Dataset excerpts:
== Segment start ==

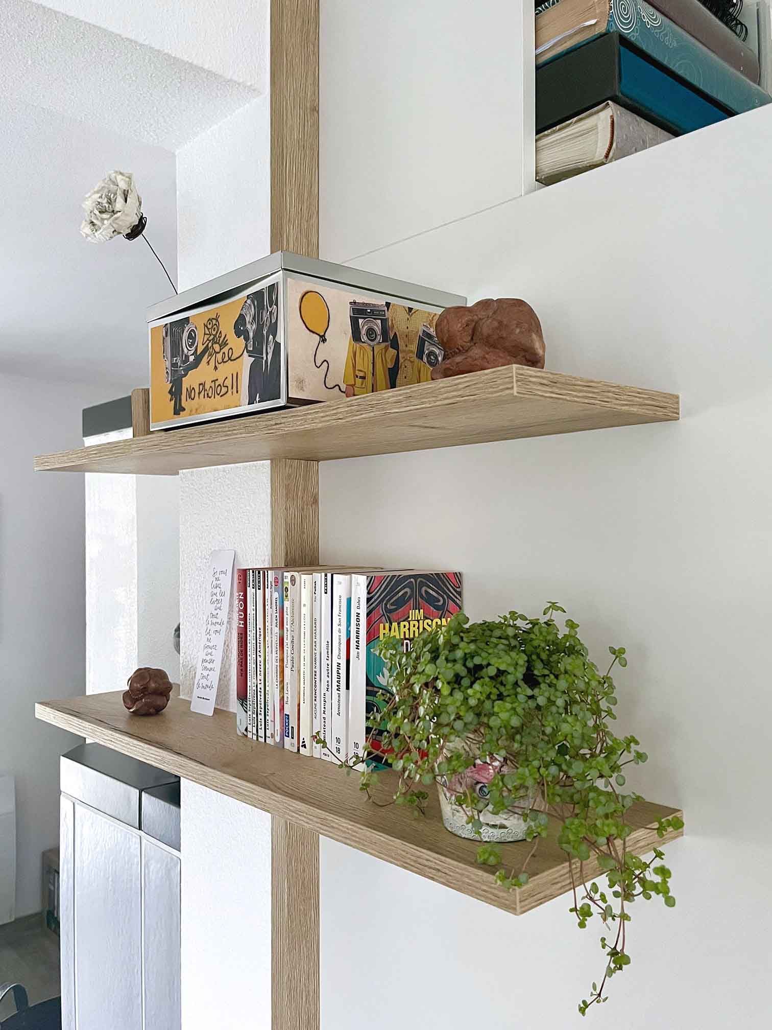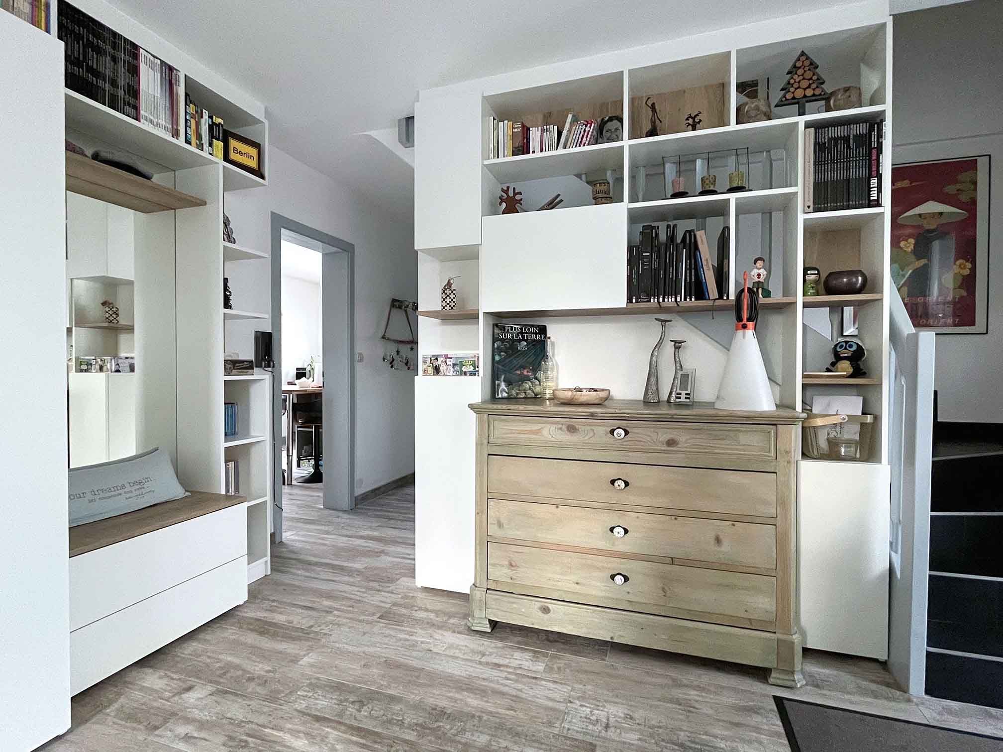 Ainsi, nous avons imaginé autour du meuble existant, un jeu de vide et de plein permettant le rangement de chaussures, de livres, d’objets du quotidien et d’éléments de décoration.
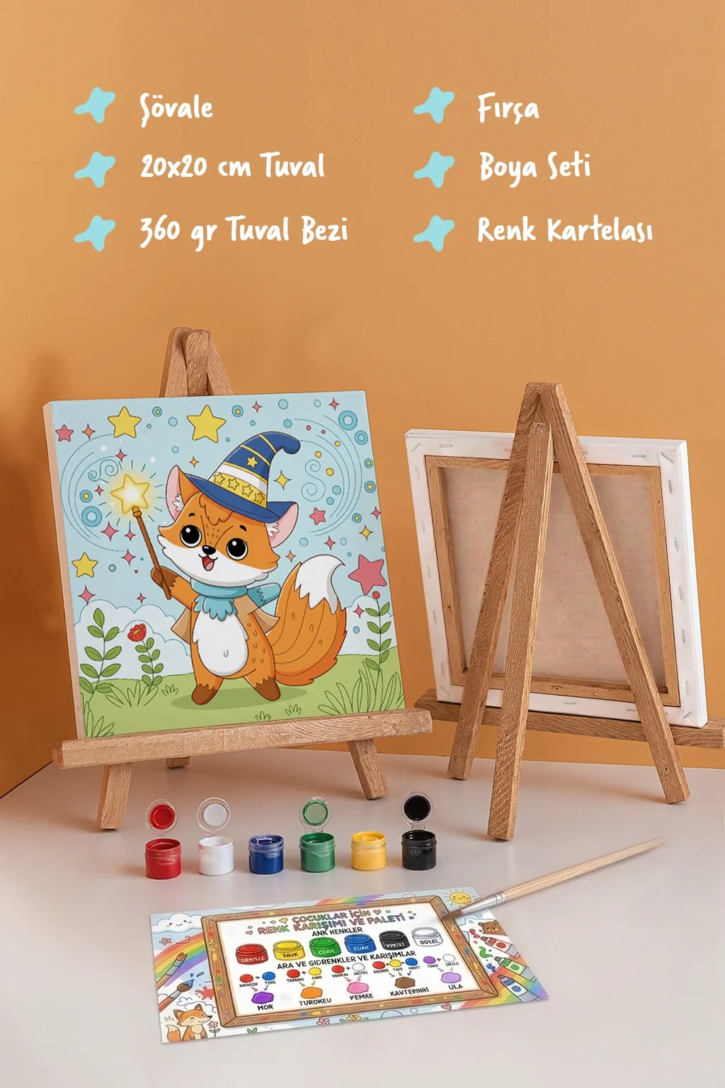 Çocukların hayal gücünü geliştiren çocuk boyama tuvali, sihirli değneği ve yıldızlarla dolu eğlenceli dünyasıyla tasarlanan sevimli tilki figürü ile çocuklara keyifli bir sanat deneyimi sunar. 20x20 cm ölçülerindeki kaliteli pamuk tuval, mini ahşap şövale, boya seti ve fırça ile birlikte gelerek çocukların gerçek bir ressam gibi boyama yapmasına olanak sağlar.
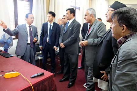 11月20日,应中国科学院加德满都科教中心(简称“加德满都中心”)和特里布文大学的邀请,加德满都中心共建单位中国科学院遥感与数字地球研究所(简称“遥感地球所”)副所长刘建波一行三人访问加德满都中心,安装遥感数据模拟系统,并与校领导进行了会谈。 加德满都中心执行主任梁尔源首先转达了中心主任姚檀栋院士对特里布文大学新任校长的祝贺,并向与会领导介绍了加德满都中心的建设情况及所取得的进展;刘建波重点介绍了遥感数据模拟系统的主要参数及其应用。随后,刘建波与特里布文大学副校长Guna Nidhi Nyaupane签署了关于安装遥感数据模拟系统的协议。梁尔源和特里布文大学水文气象系主任Lochan Prasad Devkota共同主持此次活动。 特里布文大学校长Tirtha Raj Khaniya谈到,遥感模拟系统的启用将直接提升特里布文大学在遥感研究和应用方面的综合实力,安装遥感模拟系统是中尼科教合作的具体体现。他期待通过加德满都中心的建设持续增强中尼科研和人才培养等多方面的合作,将中尼科教合作推向新的高度。 期间,双方还就深化合作、共同推进加德满都中心建设举行了会谈。特里布文大学校长Tirtha Raj Khaniya、副校长Guna Nidhi Nyaupane、Chandra Mani Poudel 及相关院系领导、加德满都中心执行主任梁尔源、行政主管刘晓波、主任助理Binod Dawadi出席了会议。
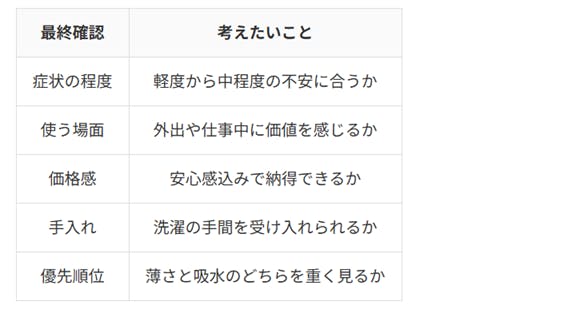 とくに尿漏れ対策用品は症状の程度や悩みの深さに個人差が大きいため、口コミの数よりも、自分が困る場面と商品の設計意図が一致しているかのほうが満足度に影響します。
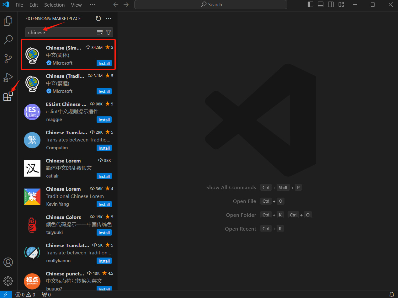 進來之後發現界面是英文的,看着不舒服可以在插件市場下載簡體中文插件並安裝
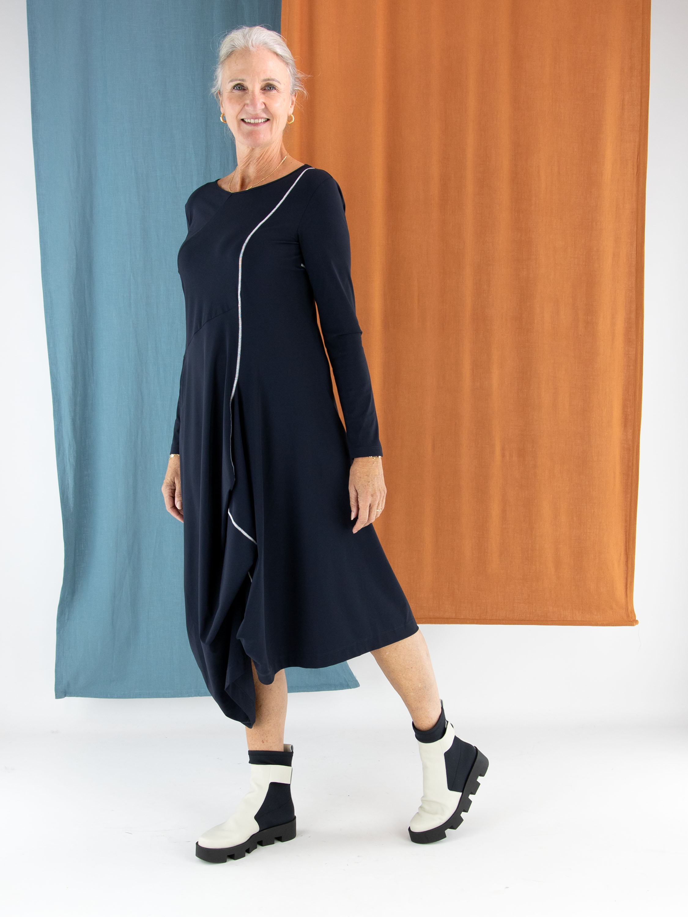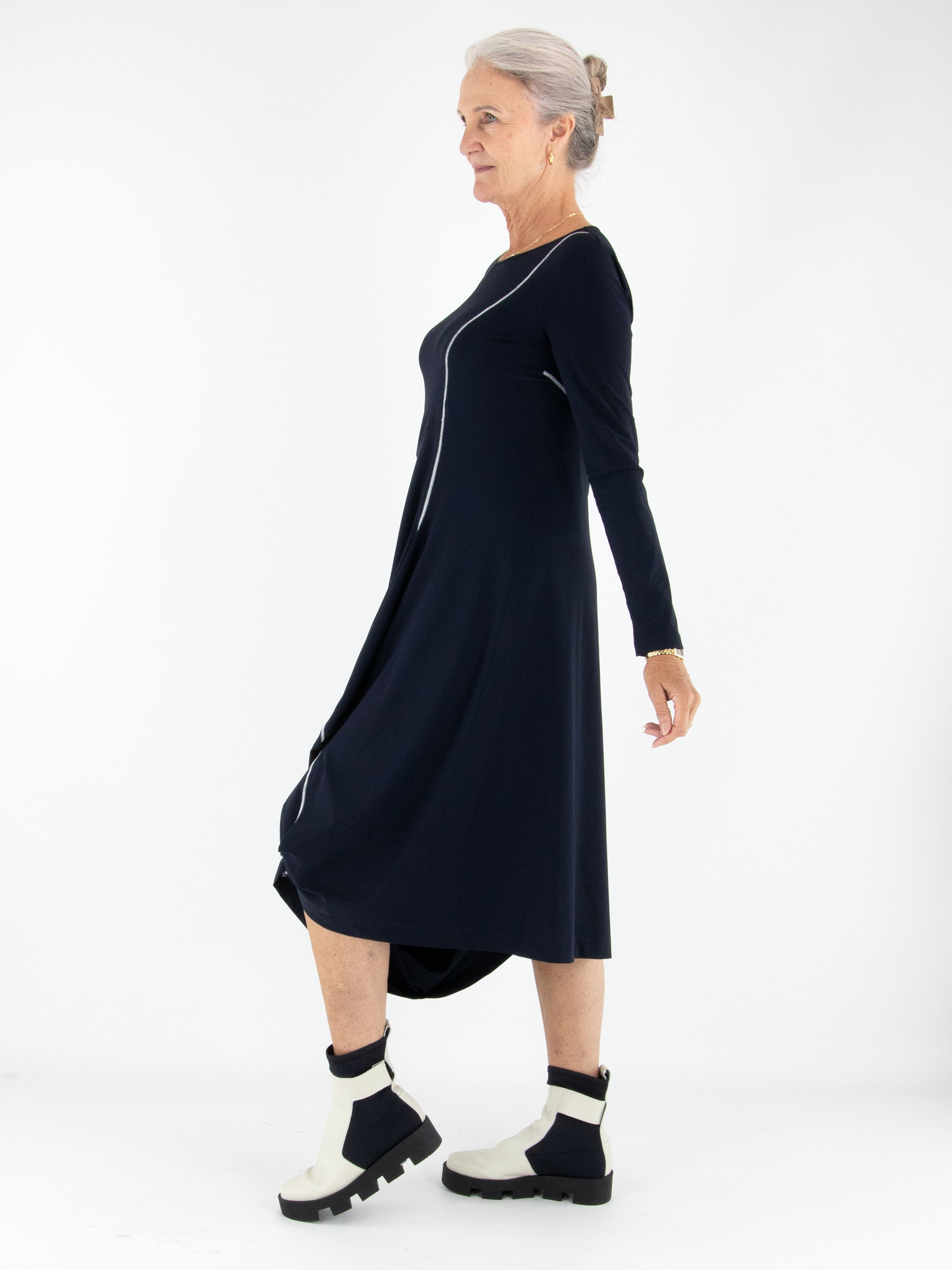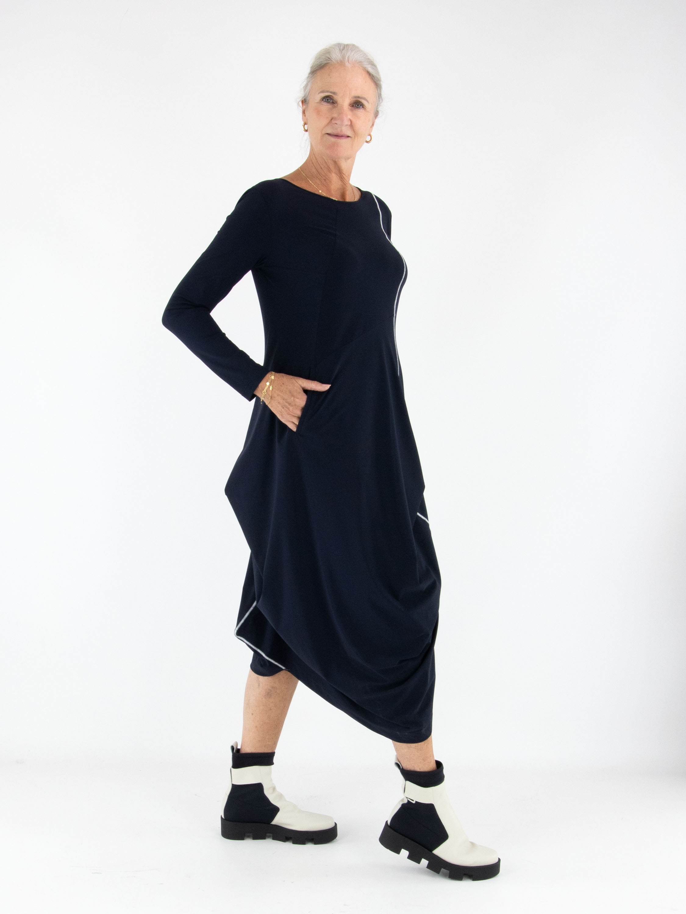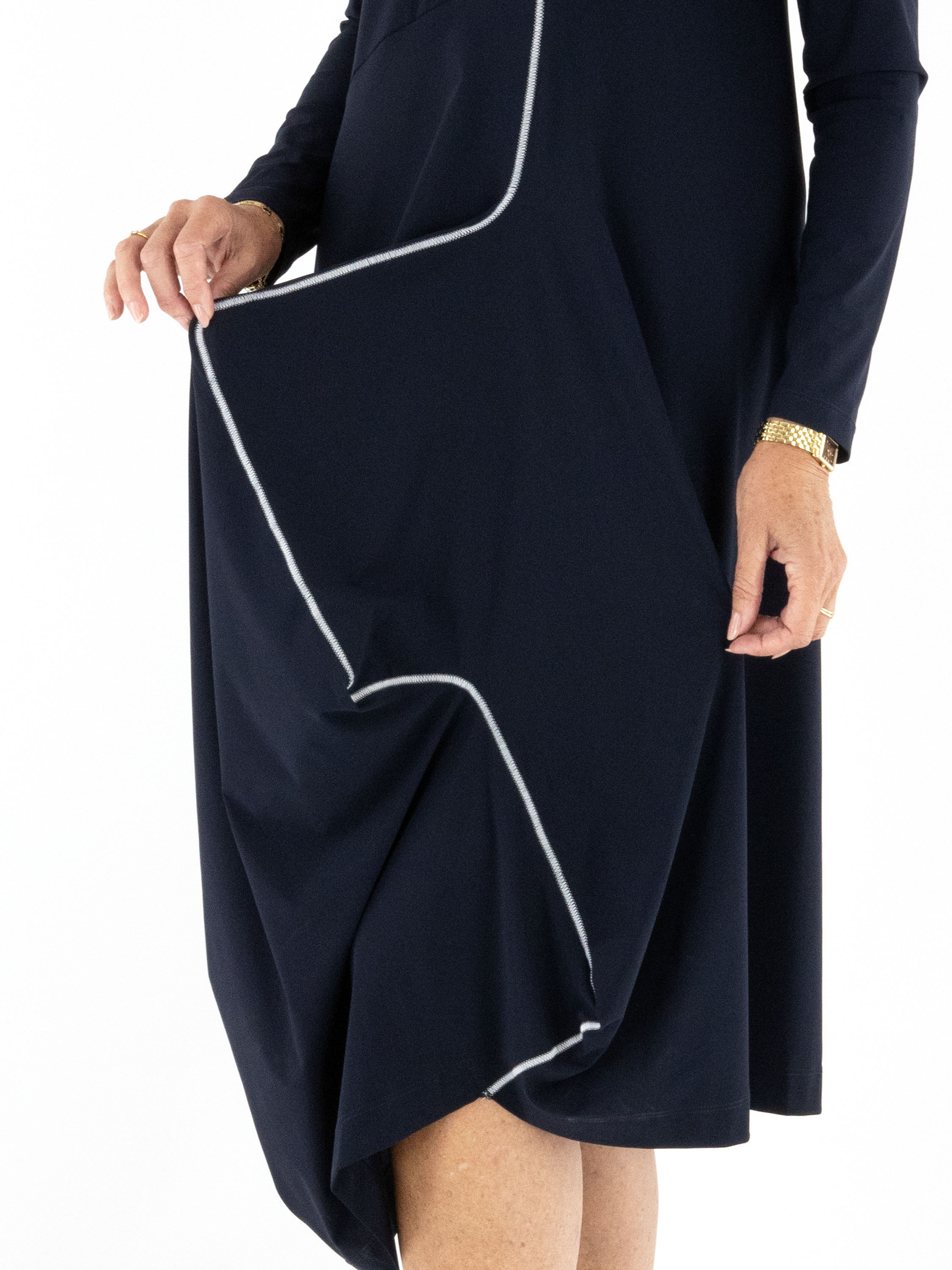 Kleid von High in Marineblau. Eine dekorative Naht verläuft diagonal von der linken Schulter nach unten und verleiht dem Modell ein modernes, raffiniertes Detail. Auf Taillenhöhe befindet sich auf der rechten Seite eine praktische Eingrifftasche. Mit Rundhalsausschnitt und langen Ärmeln lässt sich dieses exklusive Designerkleid bei 30 Grad waschen.

== Segment end ==

• [Description of the task] Hand back the exact lines from the start of the entries to the line with "Çocukların hayal gücünü", both ends kept and pictures left out.

• [Answer to the problem]
 Ainsi, nous avons imaginé autour du meuble existant, un jeu de vide et de plein permettant le rangement de chaussures, de livres, d’objets du quotidien et d’éléments de décoration.
 Çocukların hayal gücünü geliştiren çocuk boyama tuvali, sihirli değneği ve yıldızlarla dolu eğlenceli dünyasıyla tasarlanan sevimli tilki figürü ile çocuklara keyifli bir sanat deneyimi sunar. 20x20 cm ölçülerindeki kaliteli pamuk tuval, mini ahşap şövale, boya seti ve fırça ile birlikte gelerek çocukların gerçek bir ressam gibi boyama yapmasına olanak sağlar.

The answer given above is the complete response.